Anda di halaman 1dari 15

Konsep dan Manajemen Delirium Pada Pasien Keperawatan Kritis

Disusun guna memenuhi tugas mata kuliah :

KEPERAWATAN KRITIS

Dosen Pengampu :
Ns. Diah Tika Anggraeni, S.Kep, M.Kep

Disusun oleh :

Dwi Kurniawati (1610711006)


Haniah Rahmawati (1610711009)
Ziya Daturahmah (1610711013)
Noer Aeni Zam Zam Mia (1610711016)
Windi Kartika (1610711019)
Lycia Dwi Lindiyani (1610711025)
Sharah Nursa’iidah (1610711038)
Berthalia Veronica (1610711039)
Chalvin Aprianto (1610711041)

PROGRAM STUDI S1-KEPERAWATAN

FAKULTAS ILMU-ILMU KESEHATAN

UNIVERSITAS PEMBANGUNAN NASIONAL “VETERAN”

JAKARTA
2019

BAB 1

KONSEP DELIRIUM

A. Pengertian
Delirium adalah diagnosis klinis, gangguan otak difus yang dikarasteristikkan
dengan variasi kognitif dan gangguan tingkah laku. Delirium ditandai oleh gangguan
kesadaran, biasanya terlihat bersamaan dengan fungsi gangguan kognitif secara global.
Kelainan mood, persepsi dan perilaku adalah gejala psikiatrik yang umum; tremor,
asteriksis, nistagmus, inkoordinasi dan inkontinensia urin merupakan gejala neurologis
yang umum.
Delirium dapat terjadi pada berbagai tingkat usia namun tersering pada usia diatas
60 tahun. Menggigau merupakan gejala sementara dan dapat berfluktuasi intensitasnya,
kebanyakan kasus dapat sembuh dalam waktu 4 minggu atau kurang.
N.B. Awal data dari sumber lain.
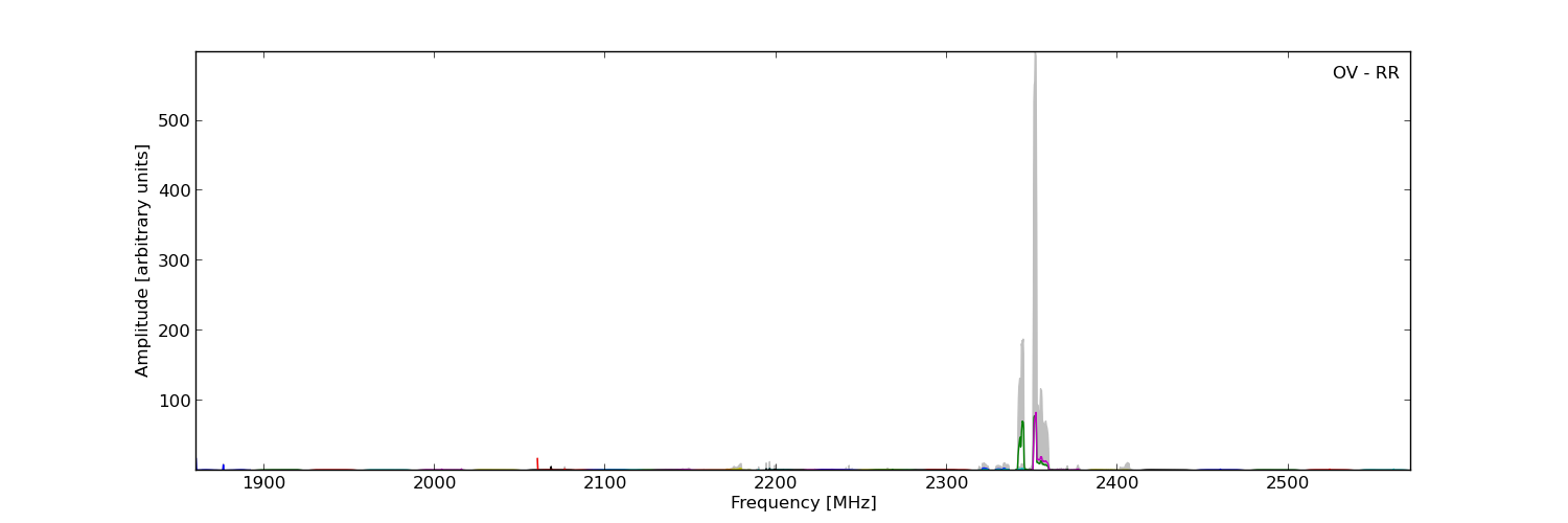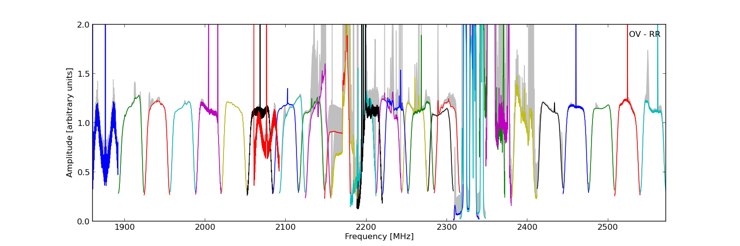 Total power spectrum in arbitrary units. The solid lines indicate the mean value and the shaded area the peaks.

Akan tetapi jika
delirium dengan fluktuasi yang menetap lebih dari 6 bulan sangat jarang dan dapat menjadi
progresif kearah dementia.

B. Etiologi
Faktor predisposisi terjadinya delirium, antara lain:
• Usia
• Kerusakan otak
• Riwayat delirium
• Ketergantungan alkohol
• Diabetes
• Kanker
• Gangguan panca indera
• Malnutrisi
• Alkohol, obat-obatan dan bahan beracun
• Efek toksik dari pengobatan
• Kadar elektrolit, garam dan mineral (misalnya kalsium, natrium atau magnesium) yang
tidak normal akibat pengobatan, dehidrasi atau penyakit tertentu
• Infeksi Akut disertai demam
• Hidrosefalus bertekanan normal, yaitu suatu keadaan dimana cairan yang membantali
otak tidak diserap sebagaimana mestinya dan menekan otak
• Hematoma subdural, yaitu pengumpulan darah di bawah tengkorak yang dapat menekan
otak.
• Meningitis, ensefalitis, sifilis (penyakit infeksi yang menyerang otak)
• Kekurangan tiamin dan vitamin B12
• Hipotiroidisme maupun hipotiroidisme
• Tumor otak (beberapa diantaranya kadang menyebabkan linglung dan gangguan
ingatan)
• Patah tulang panggul dan tulang-tulang panjang
• Fungsi jantung atau paru-paru yang buruk dan menyebabkan rendahnya kadar oksigen
atau tingginya kadar karbon dioksida di dalam darah
• Stroke

C. Patofisologi
Delirium merupakan fenomena kompleks, multifaktorial, dan mempengaruhi
berbagai bagian sistem saraf pusat. Hipotesis terbaru menunjukkan defisiensi jalur
kolinergik dapat merupakan salah satu faktor penyebab delirium. Delirium yang
diakibatkan oleh penghentian substansi seperti alkohol, benzodiazepin, atau nikotin dapat
dibedakan dengan delirium karena penyebab lain. Pada delirium akibat penghentian
alkohol terjadi ketidakseimbangan mekanisme inhibisi dan eksitasi pada system
neurotransmiter. Konsumsi alkohol secara reguler dapat menyebabkan inhibisi reseptor
NMDA (N-methyl-D-aspartate) dan aktivasi reseptor GABA-A (gammaaminobutyric
acid-A). Disinhibisi serebral berhubungan dengan perubahan neurotransmitter yang
memperkuat transmisi dopaminergik dan noradrenergik, adapun perubahan ini
memberikan manifestasi karakteristik delirium, termasuk aktivasi simpatis dan
kecenderungan kejang epileptik. Pada kondisi lain, penghentian benzodiazepine
menyebabkan delirium melalui jalur penurunan transmisi GABA-ergik dan dapat timbul
kejang epileptik. Delirium yang tidak diakibatkan karena penghentian substansi timbul
melalui berbagai mekanisme, jalur akhir biasanya melibatkan defisit kolinergik
dikombinasikan dengan hiperaktivitas dopaminergik.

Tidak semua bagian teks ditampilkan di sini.